Cracking Health Costs
Title | Cracking Health Costs PDF eBook |
Author | Tom Emerick |
Publisher | John Wiley & Sons |
Pages | 157 |
Release | 2013-06-07 |
Genre | Business & Economics |
ISBN | 1118710916 |
Cracking Health Costs reveals the best ways for companies and small businesses to fight back, right now, against rising health care costs. This book proposes multiple, practical steps that you can take to control costs and increase the effectiveness of the health benefit. The book is all about rolling back health care costs to save companies and employees money. Working hand-in-hand with their employees, businesses need to ensure that, whenever feasible, employees with the most expensive diagnoses get optimal treatment at hospitals not practicing “volume-driven” medicine for higher profits. Less than 10% of employees incur 80% of costs. About 20% of patients have been completely misdiagnosed, while many others are simply the victims of surgeons who are either practicing bad medicine or overtreating for profit. For example, some companies, such as Walmart and Lowe’s, are turning to the “Centers of Excellence” approach author Tom Emerick helped to pioneer while running benefits for Walmart. By determining which hospitals are adopting the highest standards of care, benefits managers can reduce the number of unnecessary high-cost surgeries and improve employees’ overall health. The solution-based approach offered by the book is unique, because it can be implemented by businesses today.
Doing Harm
Title | Doing Harm PDF eBook |
Author | Maya Dusenbery |
Publisher | HarperOne |
Pages | 0 |
Release | 2018-03-06 |
Genre | Health & Fitness |
ISBN | 9780062470805 |
Editor of the award-winning site Feministing.com, Maya Dusenbery brings together scientific and sociological research, interviews with doctors and researchers, and personal stories from women across the country to provide the first comprehensive, accessible look at how sexism in medicine harms women today. In Doing Harm, Dusenbery explores the deep, systemic problems that underlie women’s experiences of feeling dismissed by the medical system. Women have been discharged from the emergency room mid-heart attack with a prescription for anti-anxiety meds, while others with autoimmune diseases have been labeled “chronic complainers” for years before being properly diagnosed.

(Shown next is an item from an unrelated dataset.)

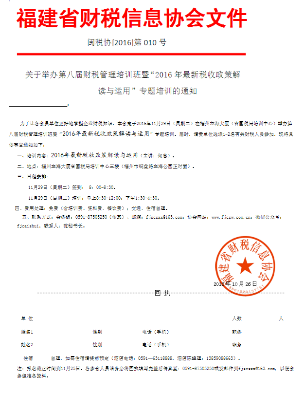 為了讓各會員單位更好地掌握企業(yè)財稅知識,本會定于2016年11月29日(星期二)在福州左海大廈(省國稅局培訓(xùn)中心)舉辦第八屆財稅管理培訓(xùn)班暨“2016年最新稅收政策解讀與運用”專題培訓(xùn)。

Women with endometriosis have been told they are just overreacting to “normal” menstrual cramps, while still others have “contested” illnesses like chronic fatigue syndrome and fibromyalgia that, dogged by psychosomatic suspicions, have yet to be fully accepted as “real” diseases by the whole of the profession. An eye-opening read for patients and health care providers alike, Doing Harm shows how women suffer because the medical community knows relatively less about their diseases and bodies and too often doesn’t trust their reports of their symptoms. The research community has neglected conditions that disproportionately affect women and paid little attention to biological differences between the sexes in everything from drug metabolism to the disease factors—even the symptoms of a heart attack. Meanwhile, a long history of viewing women as especially prone to “hysteria” reverberates to the present day, leaving women battling against a stereotype that they’re hypochondriacs whose ailments are likely to be “all in their heads.” Offering a clear-eyed explanation of the root causes of this insidious and entrenched bias and laying out its sometimes catastrophic consequences, Doing Harm is a rallying wake-up call that will change the way we look at health care for women.